The Budget-Mr. Lapointe

But, Mr. Speaker, it is not true that Canada has any cause to envy other countries, and certainly it is not true that Canada has any reason to envy the United States. I need only remind you, sir, that it was not until the United States had a population of seventy-five million that their total trade was equal to that of Canada's to-day. Recently I came across an article in the organ of the Canadian Manufacturers Association, Industrial Canada, written by Mr. Alex. Marshall, who is manager of the Commercial Intelligence Department of the association, in which he deplores this tendency. I should like to quote the whole article, but my time is vanishing rapidly and I must content myself with these few words:
Just take a look at the other side of the picture for a minute. In leather, United States exports forty-one cents per capita, Canada ninety-seven cents. In meats, United States exports eighty-two cents, Canada $2.77. In wheat and flour, United States exports $2.36, Canada $39.97. The Canadian gross total is fifty per cent greater than the United States gross total. In copper and its manufactures United States exports $1.17, and Canada $1.46.
Here is another extract:
The total per capita exports of all lines from the United States is $39.62, from Canada, $122.57.

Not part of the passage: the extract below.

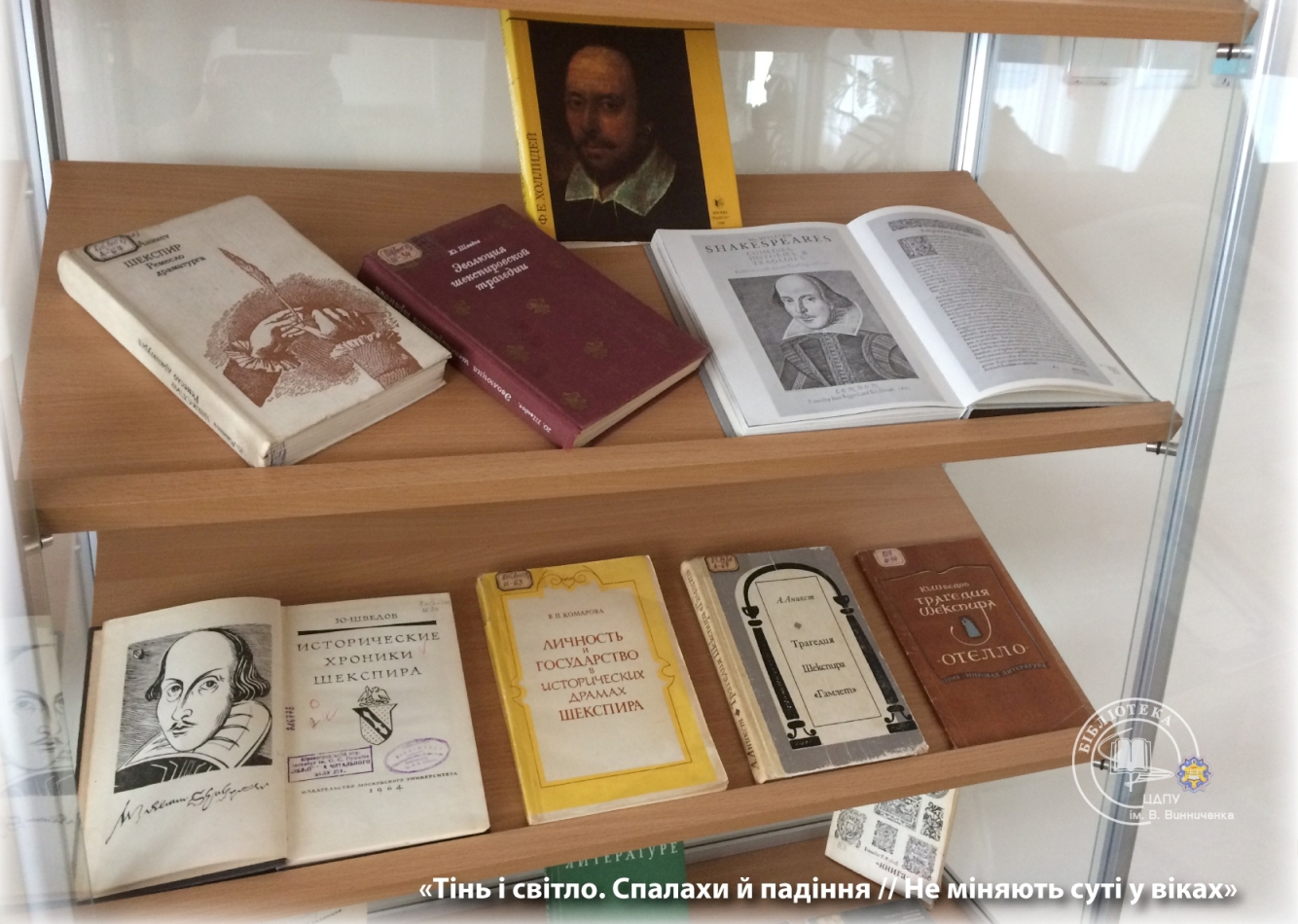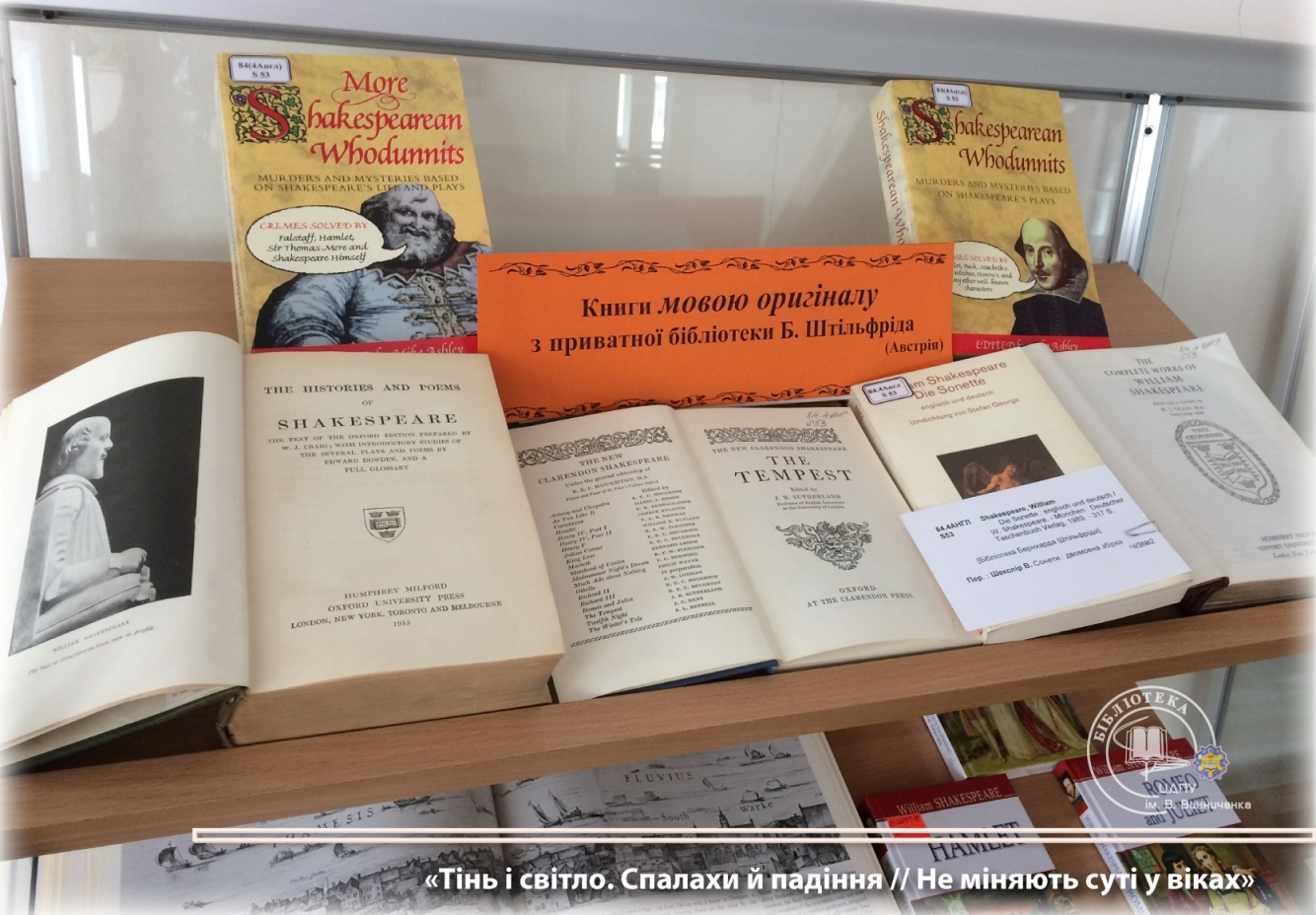 Багатий фактичний матеріал експозиції висвітлює життєвий і творчий шлях митця, критичну інтерпретацію шекспірологів творчої спадщини великого англійського драматурга і поета. До уваги конкурсантів і гостей сонети та трагедії мовою оригіналу, адаптовані видання та художні переклади українських письменників в історичній перспективі.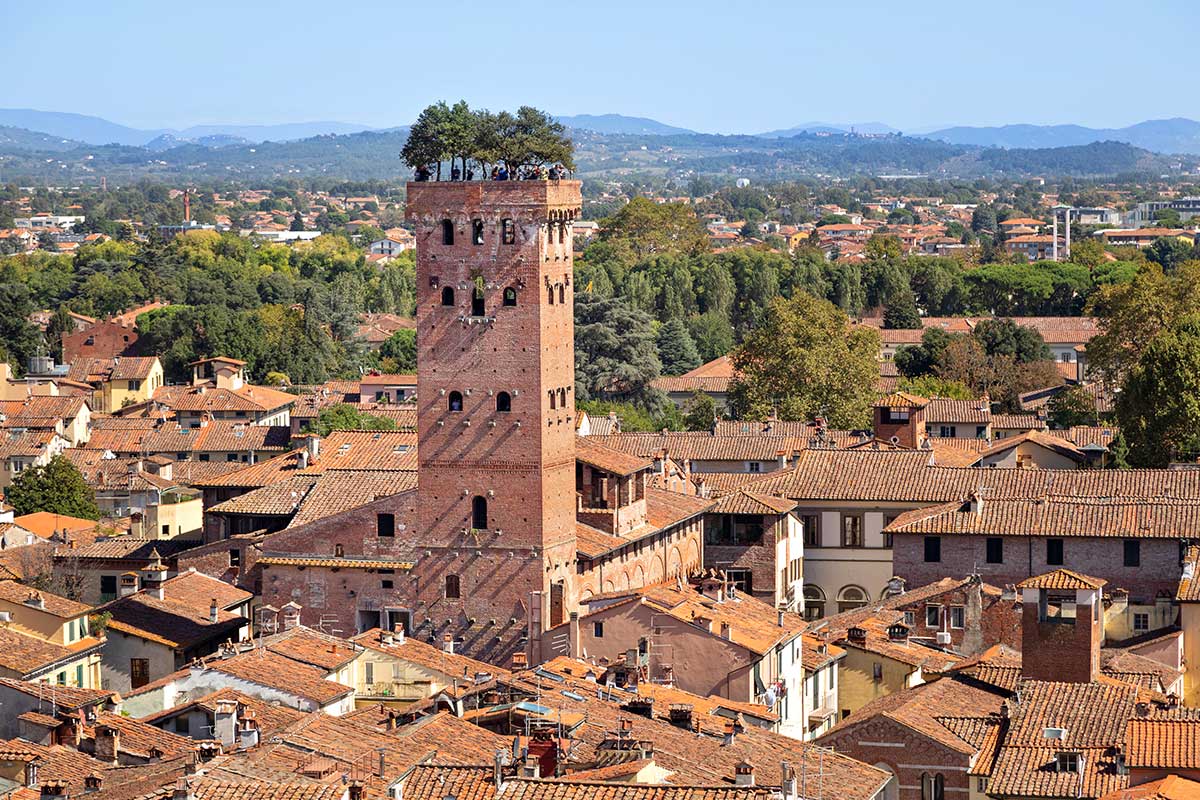 an authentic ‘gelato’ and walk the short 3-minute route from the piazza to Torre Guinigi. You won't miss this 14th century tower, thanks to its recognisable holm oak trees planted on top! It is a popular attraction in

If you want the gross totals for all industries I have them in this article:
$4,771,000,000 for United States, $1,225,000,000 for Canada. Canada is one-twelfth in population as compared with the United States, and one-fourth in exports.
I have an editorial before me which appeared in The Chronicle, a publication by banking, insurance and finance of Montreal deploring this campaign, but I have no time to read it. I also have under my hand Bradstreet's of last week as to the conditions of unemployment in the United States, confirming the reports of widespread unemployment made by state labour bureaus, unemployment agencies and relief organizations at various places. The employment index compiled by the Bureau of Labour Statistics of the Department of Labour for January fell to the lowest point for any month since April, 1922. The index number was given as 84.2, a drop of 1.1 per cent from December and of 5.5 per cent from January a year ago. The Bureau of Labour Statistics' index of payroll totals for January was 85.8, a decrease of 3.9 per cent from the preceding month and of 5.5 per cent from the like month a year ago. This was the lowest point reached by the payroll index since August, 1924.